The show also includes post-World War work by Robert Frank, and Jack Leigh, as well as work from the civil rights era by Ernest Withers and Bob Adelman.
This show is exceptionally important because the work on display forms a major thread in American, as well as Southern, photography. The look of black and white imagery used in this work helped develop the concept of photography as an art form.
This work also helped define the kinds of subject matter appropriate or desirable in the practice of photography.The Despression-era work especially reminds us of the appeal to many photographers of signs of time's passing, the fragility of human endeavor, and the feelings associated with suffering and loss.
The powerfully elegiac character of much black and white photography is very much on offer in the work of distinguished Charleston photographer Julia Cart (see image above), also now on display at the Rebekah Jacob Gallery.
Cart specializes in documenting the vanishing Low Country of South Carolina in black and white, especially offering us strongly seen images of grand spaces now abandoned to peeling paint and other signs of the ravages of time.
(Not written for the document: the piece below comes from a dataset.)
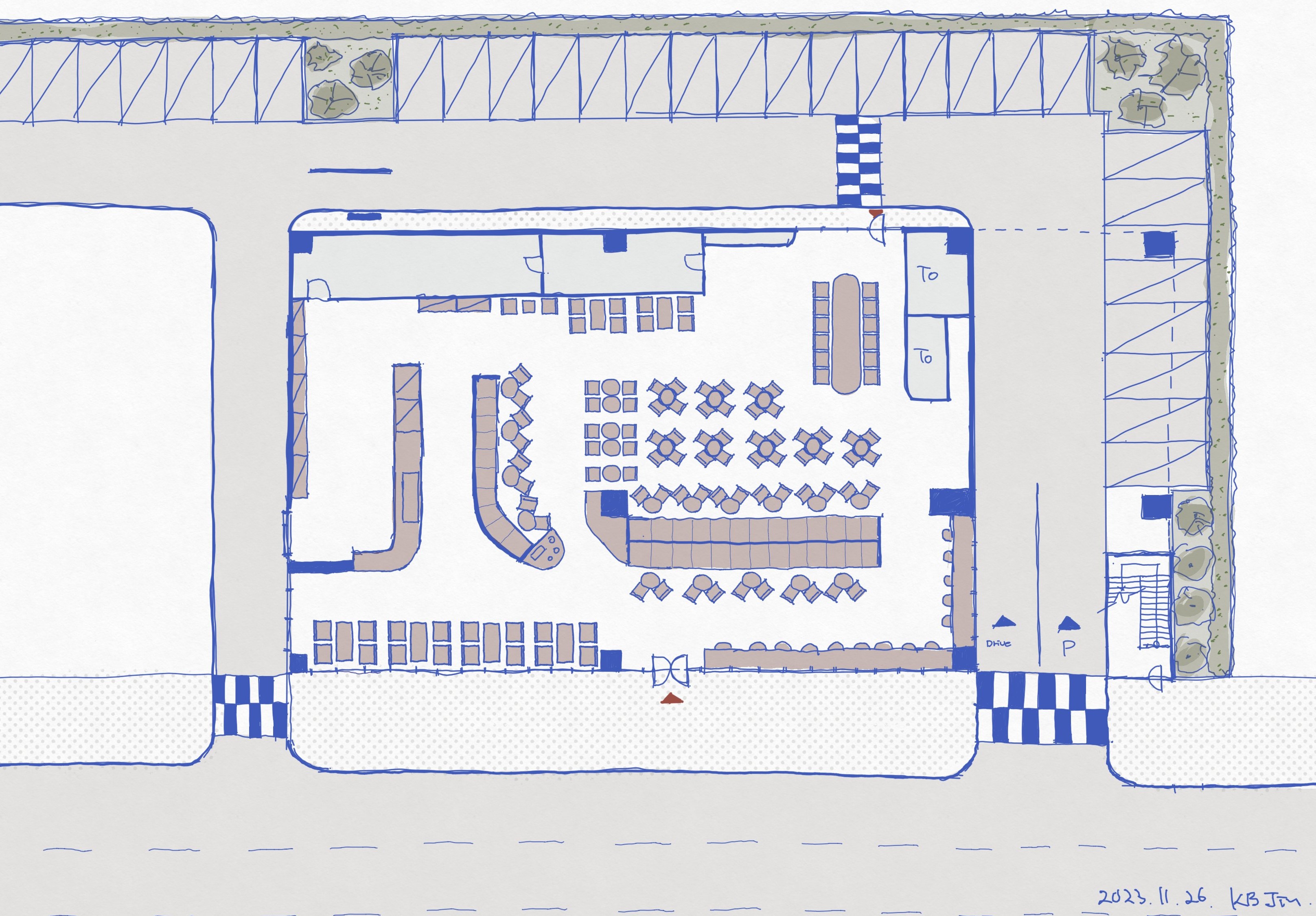 커피숍에 앉아 2시간 가량 생각을 하며 곰곰히 그림을 그리면서 커피숍을 설계 할 때 고려 사항에 대해서 고민을 했다.
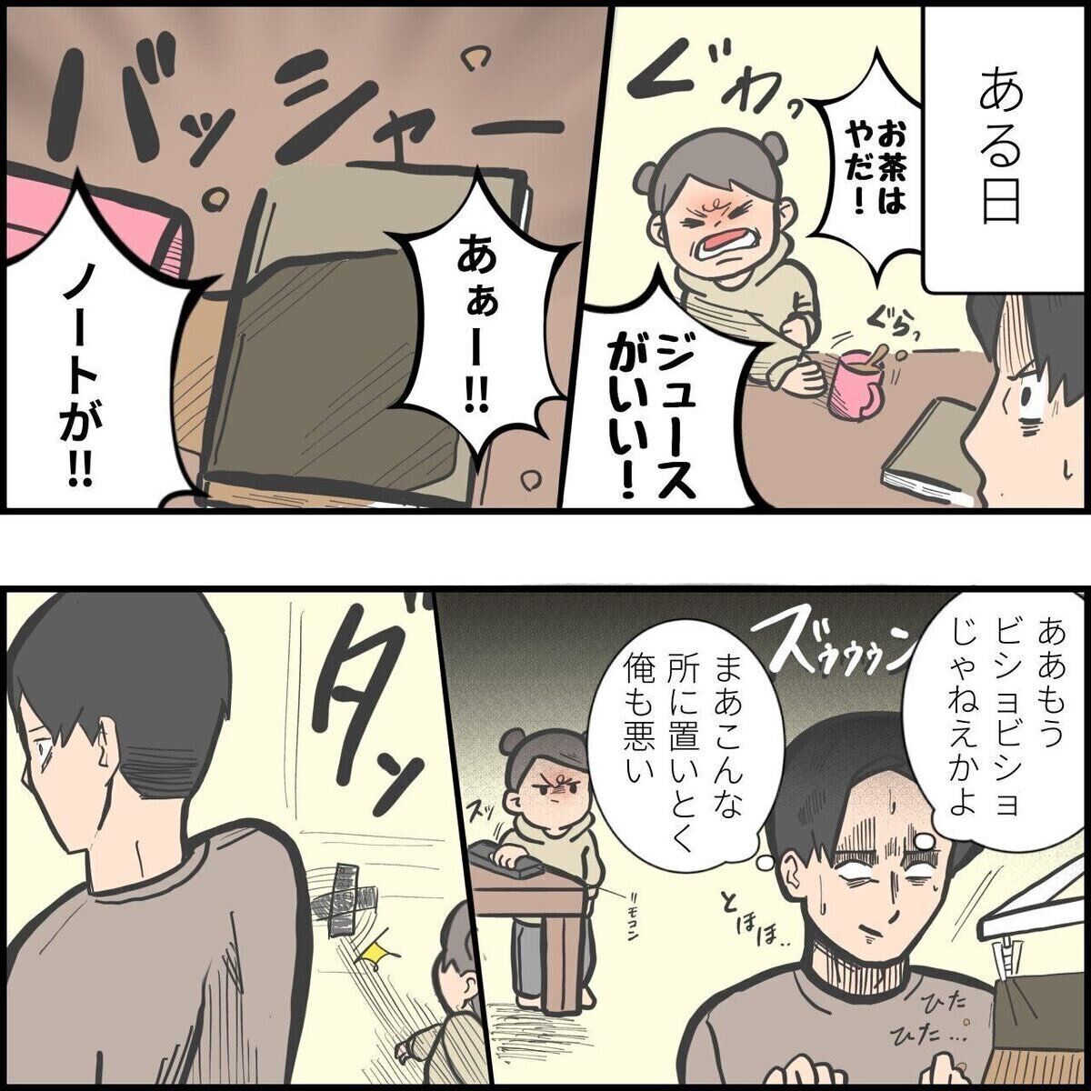 お茶をこぼしてしまったつむちゃんは気持ちをコントロールできず、今度はリモコンを投げてしまいます。あまりに激しい主張に、ゆーぱぱさんも……。

I first saw Cart's work on display in a tour of expensive new houses on Daniel Island, a former hunting preserve of the Guggenheim family now turned into a planned community where the grass is manicured and the mosquitoes are taught to fly in formation, and only after everyone has gone to bed.
The houses being used for Cart's show were multimillion-dollar houses, with built-in swimming pools and indoor theaters complete with theater seating and popcorn machines.
I couldn't decide whether the message was to celebrate today's success in the face of the past's failures, or to remind us that we, like those who have gone before us, are dust, and to dust we shall return.
In any case, Cart's work is very much worthy of our attention, and forms a perfect complement to the rest of the work on offer in this season of black and white at the Rebekah Jacob Gallery.